Thoreau On Taking Adviceby Rob Crimmins

Thoreau On Taking Advice

In Walden, his memoir of a simplified existence, Henry David Thoreau let his keen mind settle on a range of subjects. While living more modestly then many of his poorest neighbors and in some ways better than the wealthiest he was free in spirit and mind. He deliberately shed responsibility and all ambitions beyond those needed to provide for a comfortable survival. The result was liberation and conclusions that established him as an intellectual of the highest order. His future disciples included Tolstoy and Ghandi. When modern figures of such stature adopt a writer’s philosophies that writer deserves careful and repeated attention. His thoughts on age and wisdom are provocative and counter to conventional beliefs.

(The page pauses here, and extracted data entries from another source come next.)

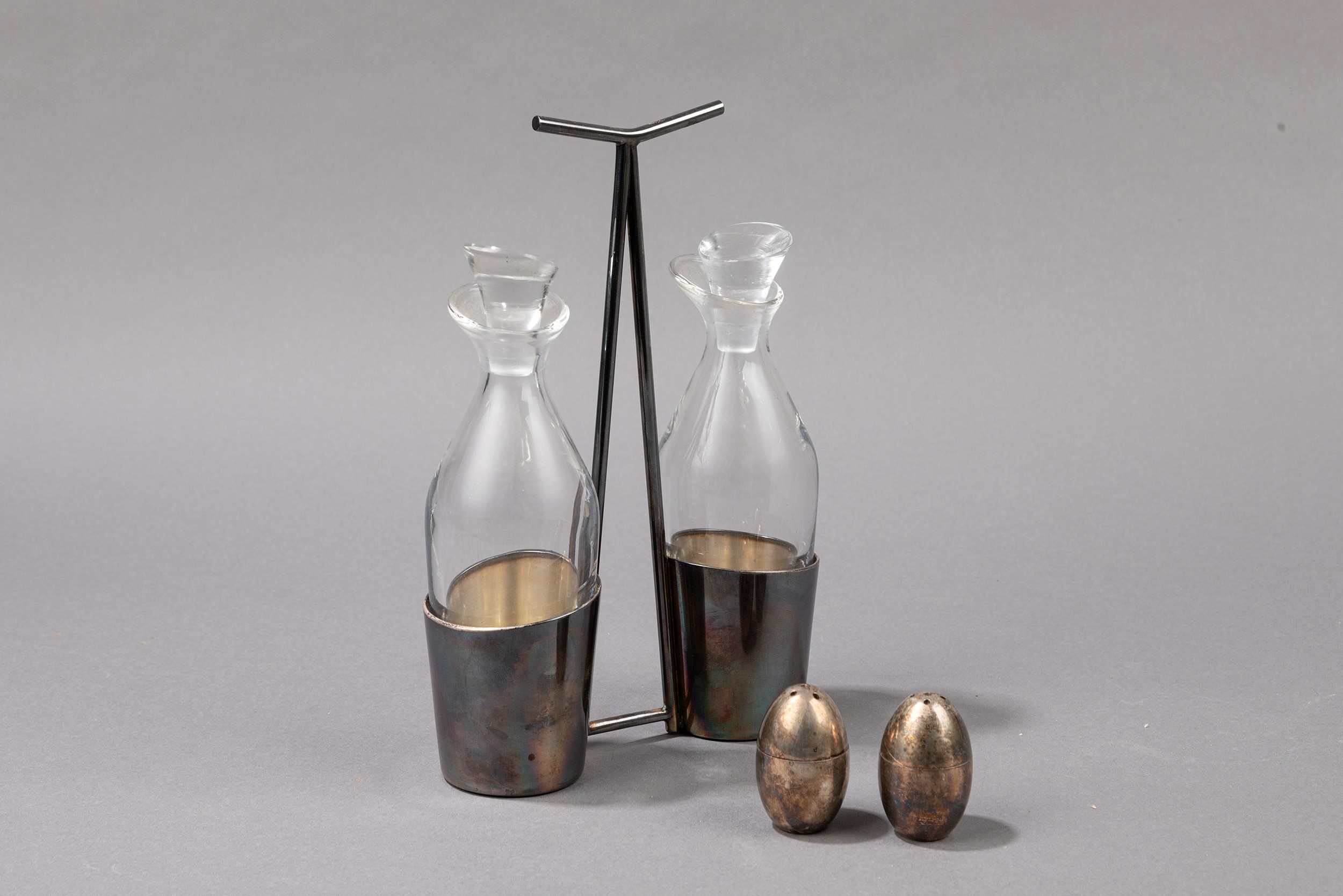 1950 ca. composto da un’acetoliera in metallo argentato e da saliera e pepiera. Produzione Gallia, Christofle. Marchio originale sull’acetoliera.
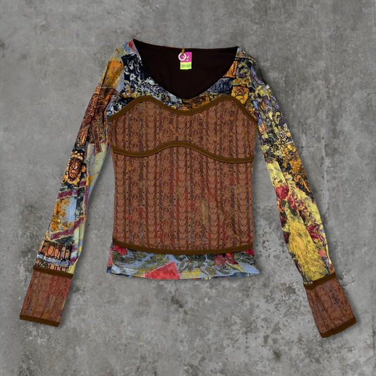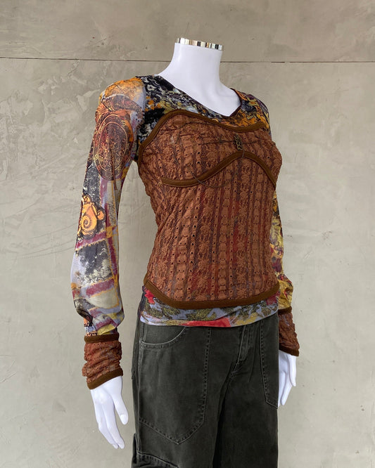 SAVE THE QUEEN CORSET LACE MESH TOP - M/L
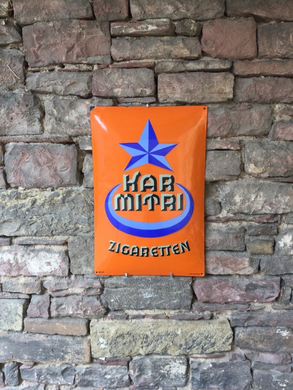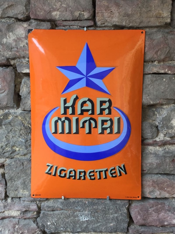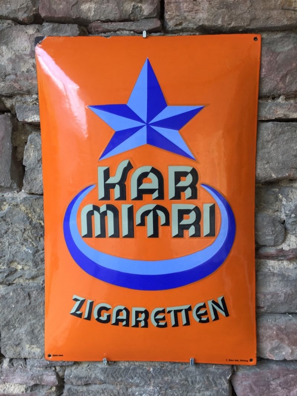 …..KARMITRI ZIGARETTEN, Emailschild, C.Robert Dold Offenburg ~ 1920…..
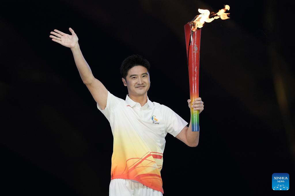 Torchbearer Tian Liang waves during the opening ceremony of the 6th Asian Beach Games in Sanya, south China's Hainan Province, April 22, 2026. (Xinhua/Zhao Zishuo)
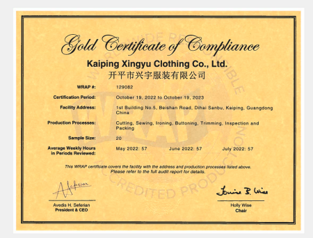 本文來源:驗廠之家 - 祝賀開平市興宇服裝有限公司2022年順利通過WRAP認證
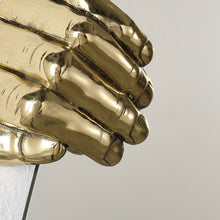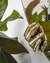 Selfie is a wall mirror with decorative hands in cast brass. The Selfie collection emphasizes the illusory dimension of the mirror and multiplies reality through a series of hands positioned on the edge of the mirrors creating different configurations.

He wrote: “It is never too late to lose our prejudices. No way of thinking or doing, however ancient, can be trusted without proof.” These commonly accepted truths precede more evocative statements. “Age is no better, hardly so well, qualified for an instructor as youth, for it has not profited so much as it has lost. One may almost doubt if the wisest man has learned anything of absolute value by living. Practically, the old have no very important advice to give the young, their own experience has been so partial, and their own lives have been such miserable failures, for private reasons, as they must believe; and it may be that they have some faith left which belies that experience, and they are only less young than they were. I have lived some thirty years on this planet, and I have yet to hear the first syllable of valuable or even earnest advise from my seniors. They have told me nothing, and probably cannot tell me anything, to the purpose. Here is life, an experiment to a great extent untried by me; but it does not avail me that they have tried it. If I have any experience which I think valuable, I am sure to reflect that this my Mentors said nothing about.”

Today, in a time when the actor and athlete are our models, most agree that age has not profited so much as it has lost but generally we confine our enumeration of the losses to superficial aspects of our lives such as physical beauty. Thoreau tells us that our losses include faith, not spiritual faith but faith in ourselves. Sadly, for many past their youth, this is true. My father was an engineer and inventor. A voracious reader he was a man who seemed to continually seek knowledge. I admired him for that. One day, when he was approaching sixty we discussed mental growth. Even though Dad was proficient with computers, even complicated applications, he confessed that he didn’t care to learn any programming language and he doubted that he even could learn any well enough to be effective. He said this even though he had a sound knowledge of computers and electronics and he was brighter than any of the programmers he knew.

In general, mental function decreases with age. Great mathematicians and composers are almost always young and their abilities and discoveries decrease as they age but Dad’s decline was not one of ability. His mind never dulled. His was a loss of faith, or at least desire. He admitted it when I pressed him. My admiration, a youthful faith, wouldn’t permit me to accept his resignation but he explained that energy and in turn growth do taper off. Fortunately, the tendency to regret tapers off as well.

At thirty Thoreau had never received any useful or valuable advice. If that seems cynical or false, consider the advice you’ve received. Asking myself, I find that useful advice is rarely offered and earnestness regarding my affairs no more common, and consider Thoreau himself. A mind such as his doesn’t need much advice.

“Here is life, an experiment to a great extent untried by me; but it does not avail me that they have tried it.”

The soda shop proprietor in West Side Story told the teenagers, “When I was your age . . .” and they stopped him. They said, “You was never my age.” He had nothing for them. His own experiment had failed. From the point of view of youth his experience was not only partial but it was completely irrelevant because he never was their age. He was always older.

Thoreau’s message to the young is direct. Take your own council and question the advice of the insincere and unfaithful.

There’s much more there for the old. Keep your faith and remain youthful in your judgements. Make experience an ingredient of wisdom and your earnest advice may be useful and if Thoreau is right, the middle-aged and elderly, the most powerful members of society may be better off than they know. In one way or another they control the young. They still can profit from what they have lost.